Here is an example of one way to define a tool:

from agents import FunctionTool

async def create_meme_function(ctx: Any, args: str) -> str:
    """Generate a meme based on the given prompt."""
    try:
        args_dict = json.loads(args)
        prompt = args_dict.get("prompt")
        if not prompt:
            raise ValueError("Prompt is required")
        
        result = meme_generator.generate_meme(prompt)
        return json.dumps(result)
    except Exception as e:
        return json.dumps({"error": f"Failed to generate meme: {str(e)}"})
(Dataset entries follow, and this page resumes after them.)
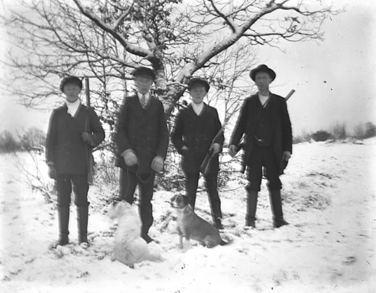 Gruppbild av ett jaktlag med hundar. Tre av männen har gevär. Vinterbild med snö.
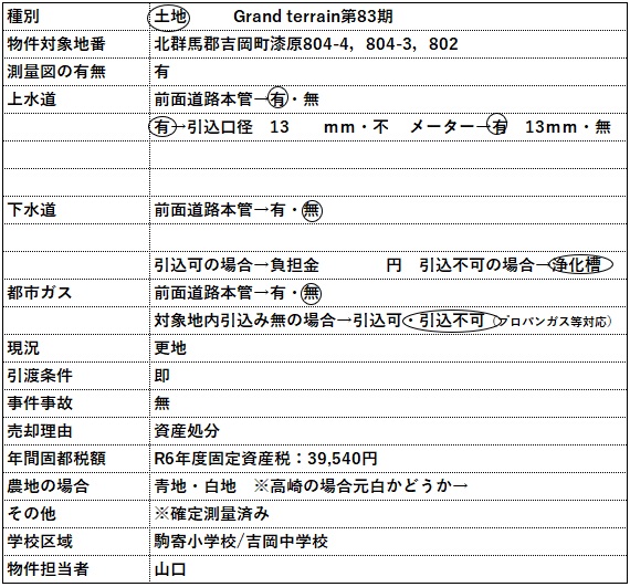 | コメント | 物件等についてのお問い合わせは、可能な限りメールやFAXにてお願い致します。 電話でのお問い合わせの場合には、担当者が電話対応中や外出中の場合には出られない事が ありますので、ご理解いただけると助かります。 カーナビ入力:北群馬郡吉岡町漆原804-4 |
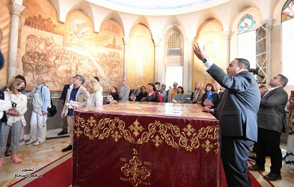 وحرص أعضاء الوفد على التقاط الصور التذكارية مع قداسة البابا، وتوجهوا بعدها إلى الكاتدرائية المرقسية بالعباسية، ومزار القديس مار مرقس لزيارتهما، واستمعوا لشرح وافٍ عنهما.
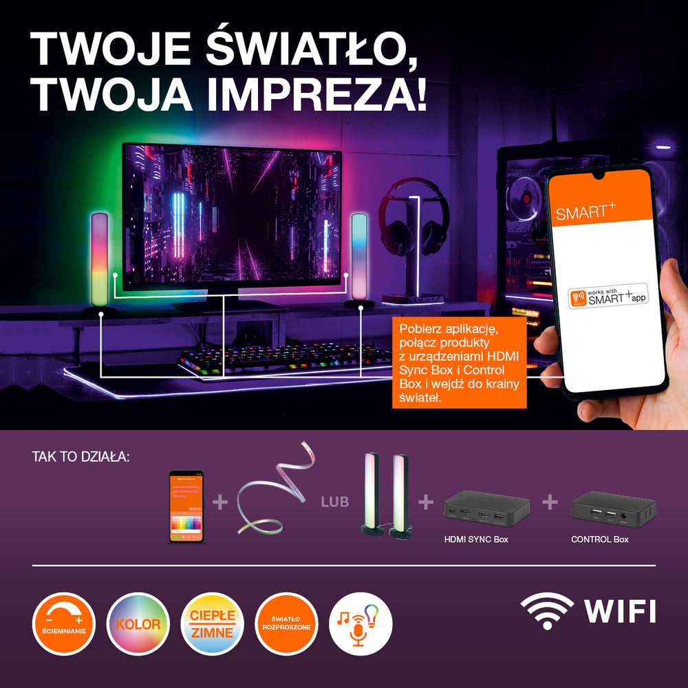 Con el Control de Color MAGIC RGB, puedes cambiar la atmósfera al instante: un blanco cálido relajante para noches de cine, colores vibrantes para fiestas o una luz fría para jugar. La conexión Wi-Fi permite controlar la aplicación, crear horarios y agrupar varias lámparas para una iluminación sincronizada en zonas enteras, ideal para iluminar habitaciones con flexibilidad sin levantarse.
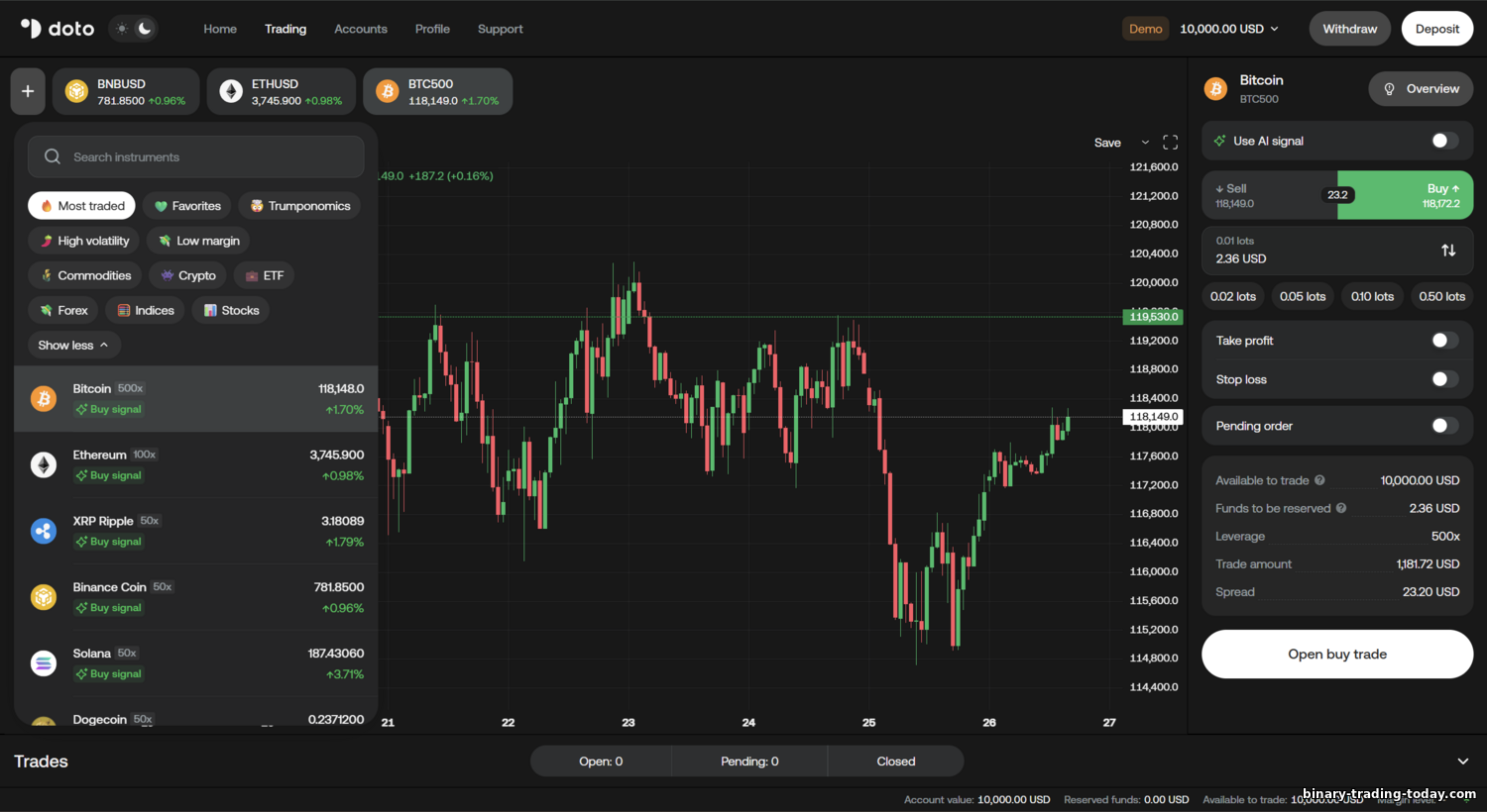 - Doto – 기술 중심 브로커입니다. TradingView 차트와 내장 뉴스가 있는 자체 플랫폼을 제공하면서, 클래식 터미널을 선호하는 사용자에게는 MetaTrader 4/5도 지원합니다. 진입 장벽은 비교적 낮고($15), 규제도 키프로스(CySEC), 남아공(FSCA) 등 인지 가능한 관할을 포함합니다. 표준 계정 스프레드는 약 1 pip부터이며, 스프레드가 거의 0에 가까운 Raw 계정(수수료 ~$6)은 스캘퍼에게 적합할 수 있습니다. 참고: 180일+ 거래가 없으면 휴면/보관 수수료가 부과될 수 있습니다. 전반적으로, 사용성과 프로 기능을 함께 제공하는 ‘신생 유망’ 옵션입니다.
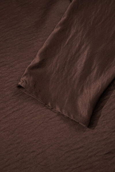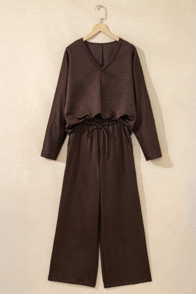 Dark Brown Braided V Neck Long Sleeve Loose Top and Drawstring High Waist Pants 2pcs Outfit
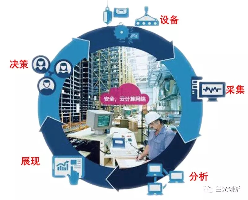 GE的工业互联网风靡全球,他们有一个数据价值链循环图,我们抽象地概括一下,就是设备、采集、分析、展现、决策,形成闭环迭代优化,这实际上就是将聋哑傻的设备进行采集、分析、优化,变成Smart的管控方式。
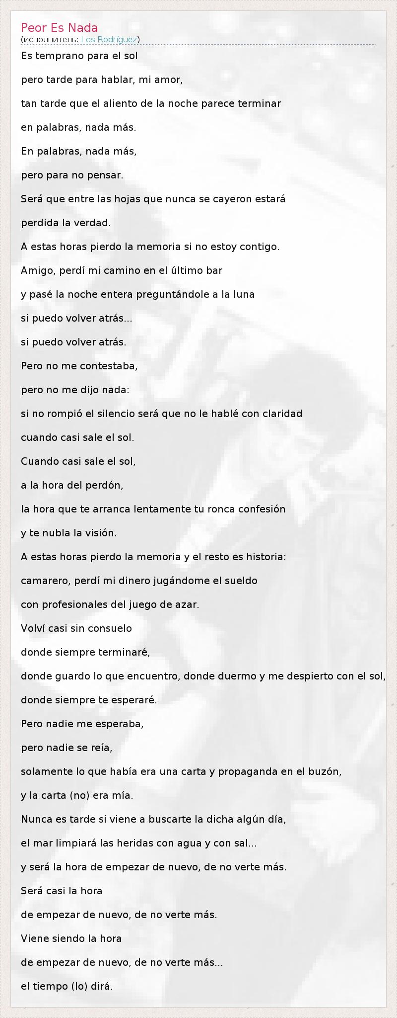 Это интересно:Los Rodríguez - группа, образованная в 1990, когда к Ариелю Роту (Ariel Rot) и Хулиану Инфанте(Julián Infante) (испанцы, члены группы Tequila) присоединились Андрес Каламаро (Andrés Calamaro из Los Abuelos de la Nada) и Херман Виледжа (Germán Vilella) - аргентинцы. Они начинали с "турне" по небольшим клубам Мадрида. В 1991 вышел их первый альбом "Buena Suerte". Песня-кавер на Фабиану Кантильо "Mi Enfermedad" ("Моя болезнь")... продолжение
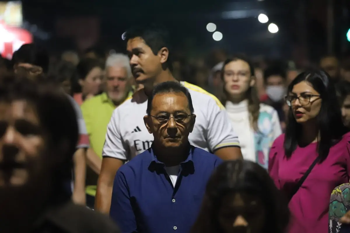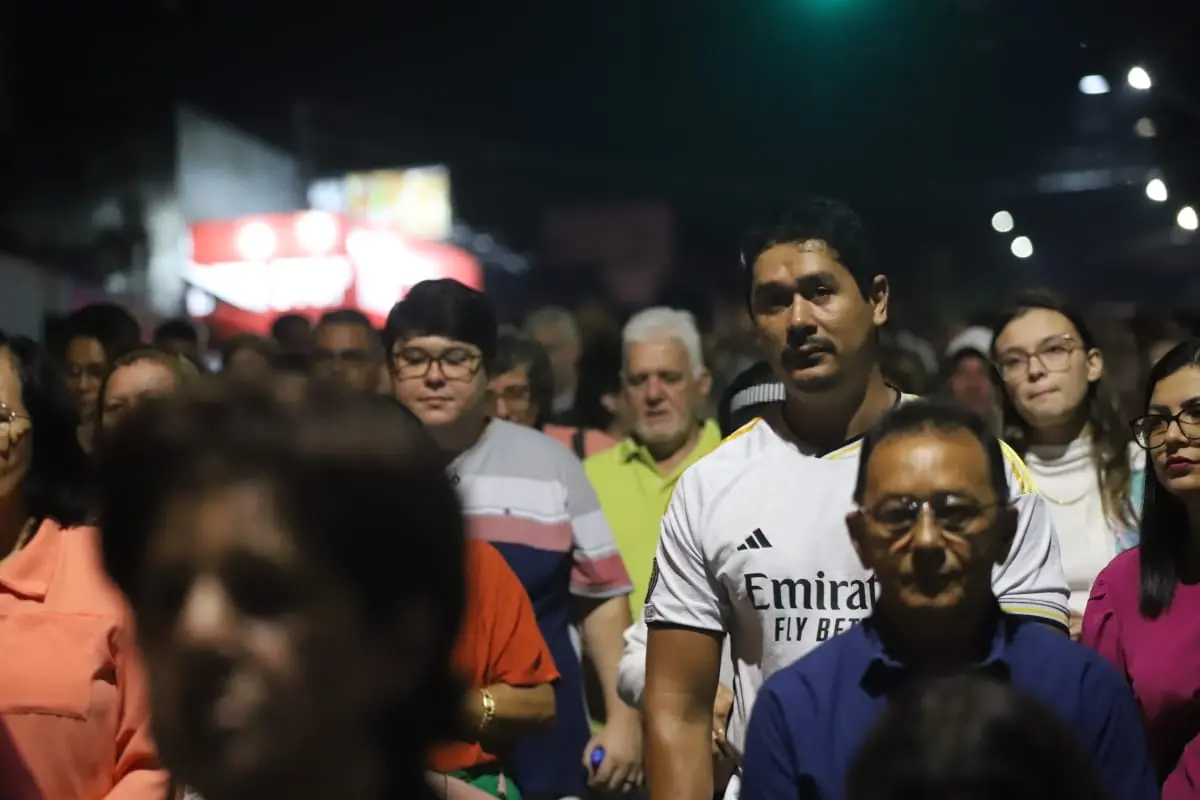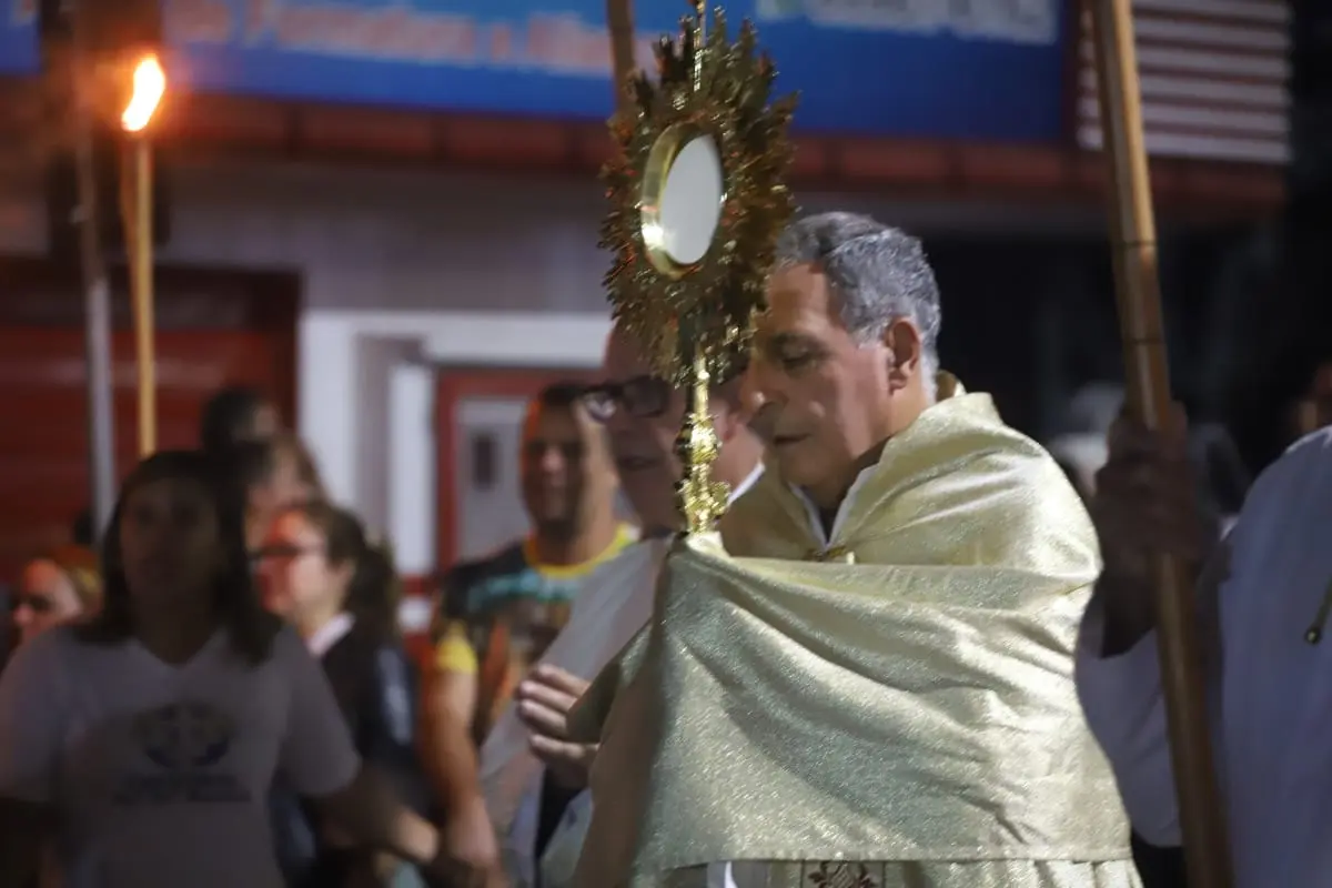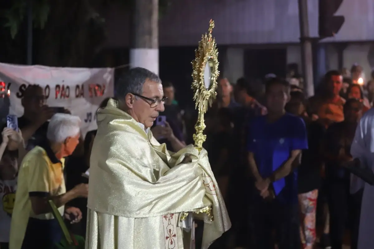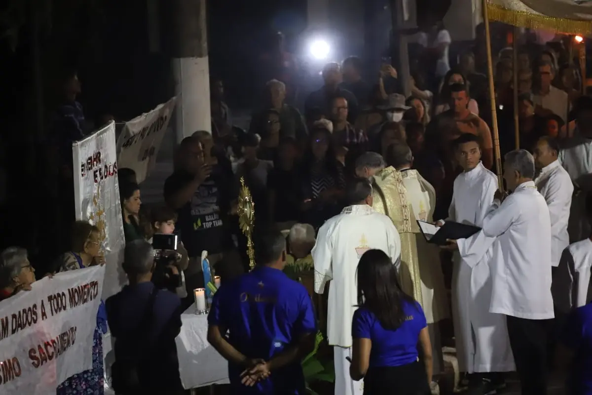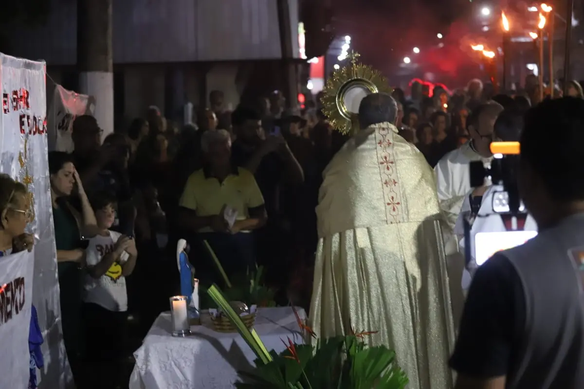 Os mais de 600 fiéis acompanham a procissão de Corpus Christi pelas ruas de Rio Branco na noite desta quinta-feira (30). Com saída da Catedral Nossa Senhora de Nazaré, os católicos seguem em oração e reflexão pelo Centro da capital.
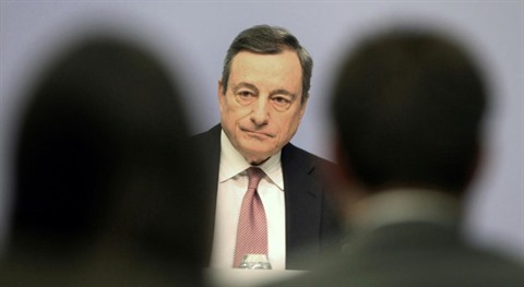 | Mario Draghi, président de la BCE, lors d'une conférence de presse à Francfort, le 24 janvier. |
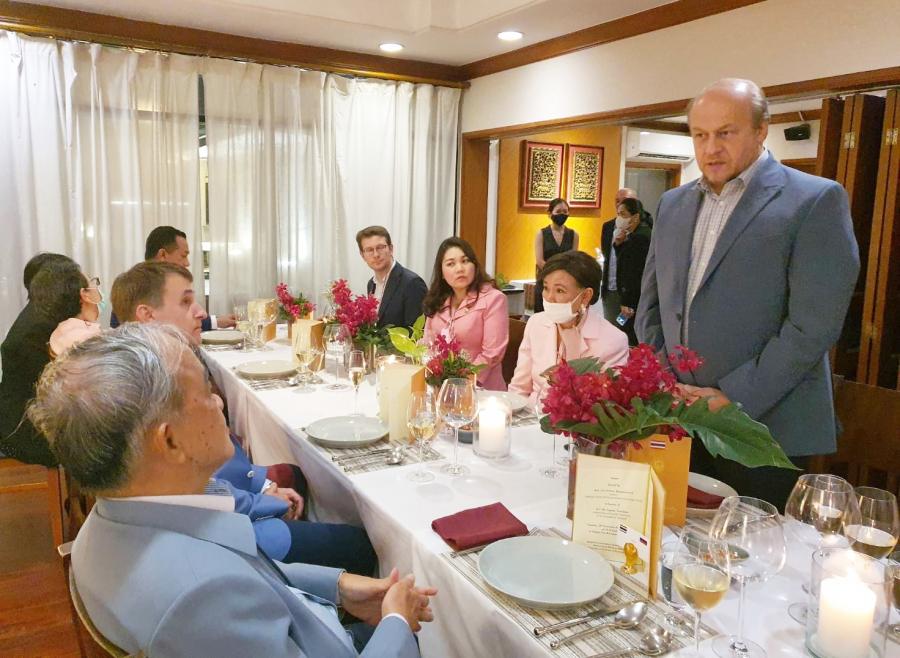 พล.อ.เลิศรัตน์ รัตนวานิช สมาชิกวุฒิสภา ในฐานะประธานกลุ่มมิตรภาพสมาชิกรัฐสภาไทย-รัสเซีย เป็นเจ้าภาพเลี้ยงอาหารค่ำ เพื่อเป็นเกียรติแก่ H.E. Mr. Evgeny Tomikhin เอกอัครราชทูตสหพันธรัฐรัสเซียประจำประเทศไทย และคณะ
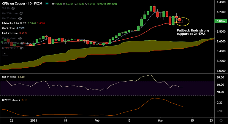 LME copper prices have paused pullback as 21-EMA support, further weakness only on break below.
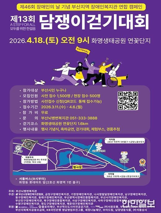 한민일보 서울포커스 임광현 기자 | 부산시는 장애인의 날(4.20.)을 맞이해 내일(18일) 오전 9시 화명생태공원에서 '제13회 담쟁이 걷기대회'가 열린다고 밝혔다.
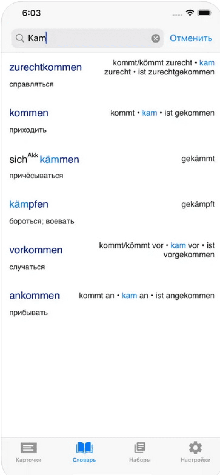 Ещё одной приятной особенностью программы является наличие встроенного словаря с удобным поиском. Он позволяет искать глаголы как по начальной форме, так и по Präsens, Perfekt (Partizip 2), Präteritum, либо по переводу.
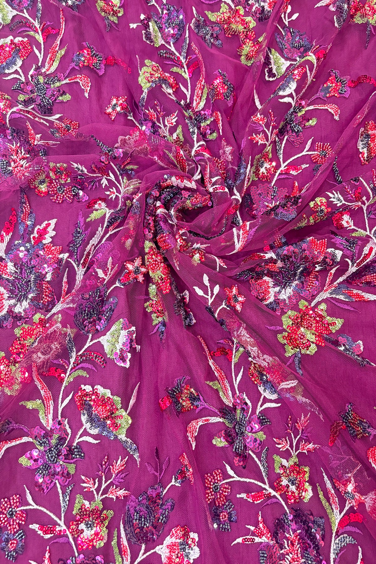 Midnight Violet Floral Bunches Embroidered With Multi Thread & Multi Sequins Net Fabric
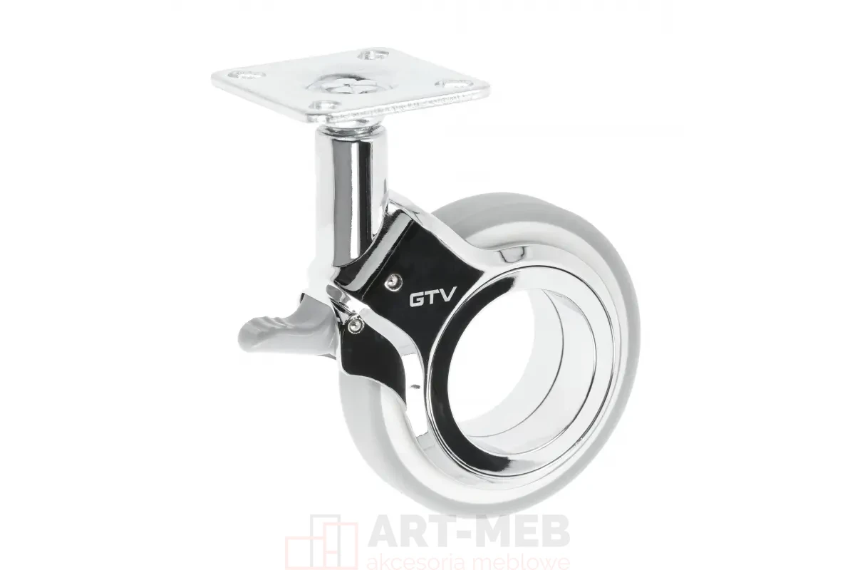 Rolka meblowa GTV GIRA, H=107 mm, fi75 mm, z hamulcem, tworzywo + ZnAl, chrom + szary mat

create_meme_tool = FunctionTool(
    name="create_meme",
    description="Generates multiple meme images based on a text prompt",
    params_json_schema={
        "type": "object",
        "properties": {
            "prompt": {
                "type": "string",
                "description": "The text prompt describing the meme to generate"
            }
        },
        "required": ["prompt"],
        "additionalProperties": False
    },
    on_invoke_tool=create_meme_function
)

Interacting with Agents

Request Format

Agents accept requests with this structure:

{
  "input": "User query or instruction",
  "history": [
    {"role": "user", "content": "Previous user message"},
    {"role": "agent", "content": "Previous agent response"}
  ],
  "config": {
    "parameter1": "value1"
  }
}
  • input: The user's current query or instruction
  • history: Previous exchanges (optional)
  • config: Additional parameters to customize agent behavior (optional)

Response Stream

Agents typically respond with a stream of text events:

data: First part of response

data: Second part of response

data: $ref$"https://example.com/meme1.jpg"$ref$

Communication Protocol

Server-Sent Events (SSE)

Our agents use SSE to stream responses back to clients:

  1. Client makes a POST request to the /chat endpoint
  2. Server keeps the connection open
  3. Server sends events formatted as data: {content}\n\n
  4. Client processes each event as it arrives
@app.post("/chat")
async def chat_stream(request: ChatRequest, api_key: str = Header(None)):
    # Validate API key
    if api_key != os.getenv("AUTHORIZED_KEY"):
        raise HTTPException(status_code=401, detail="Unauthorized")
    
    # Process request...

Best Practices

Error Handling

Implement robust error handling:

try:
    # Process request
except Exception as e:
    yield f"data: Error: {str(e)}\n\n"

Retry Mechanisms

For external service calls, implement retries:

from tenacity import retry, stop_after_attempt, wait_exponential

@retry(
    stop=stop_after_attempt(3),
    wait=wait_exponential(multiplier=1, min=4, max=10),
    reraise=True
)
async def external_service_call():
    # Make the call

Service Fallbacks

Design agents to fall back to alternative services:

def generate_content(prompt: str):
    for service in [primary_service, backup_service]:
        try:
            return service.generate(prompt)
        except Exception:
            continue
    
    raise Exception("All services failed")

Input Validation

Always validate and sanitize user inputs:

@field_validator('input')
@classmethod
def validate_input(cls, v):
    # Remove any potentially harmful characters
    v = ''.join(c for c in v if c.isprintable())
    return v.strip()

Examples

Meme Generation Agent

A complete example that creates memes based on user prompts:

https://github.com/ZuvuFoundation/agent-catalogue/tree/main/agents/meme

Simple Chat Agent

A minimal agent that just returns AI-generated responses:

https://github.com/ZuvuFoundation/agent-catalogue/tree/main/agents/default/claude

Language Agnostic Implementation

The principles covered here apply across programming languages:

  • Node.js: Use Express for the API layer
  • Go: Use Gin or Echo frameworks
  • Java/Kotlin: Use Spring Boot
  • Ruby: Use Sinatra or Rails

When implementing in another language, ensure:

  1. Your framework supports streaming responses
  2. You maintain the same request/response structure
  3. You implement proper error handling and retries
  4. You follow the SSE protocol for streaming responses

Conclusion

Building effective agents requires balancing user needs, technical constraints, and service capabilities. Follow these guidelines to create agents that are robust, responsive, and valuable to users.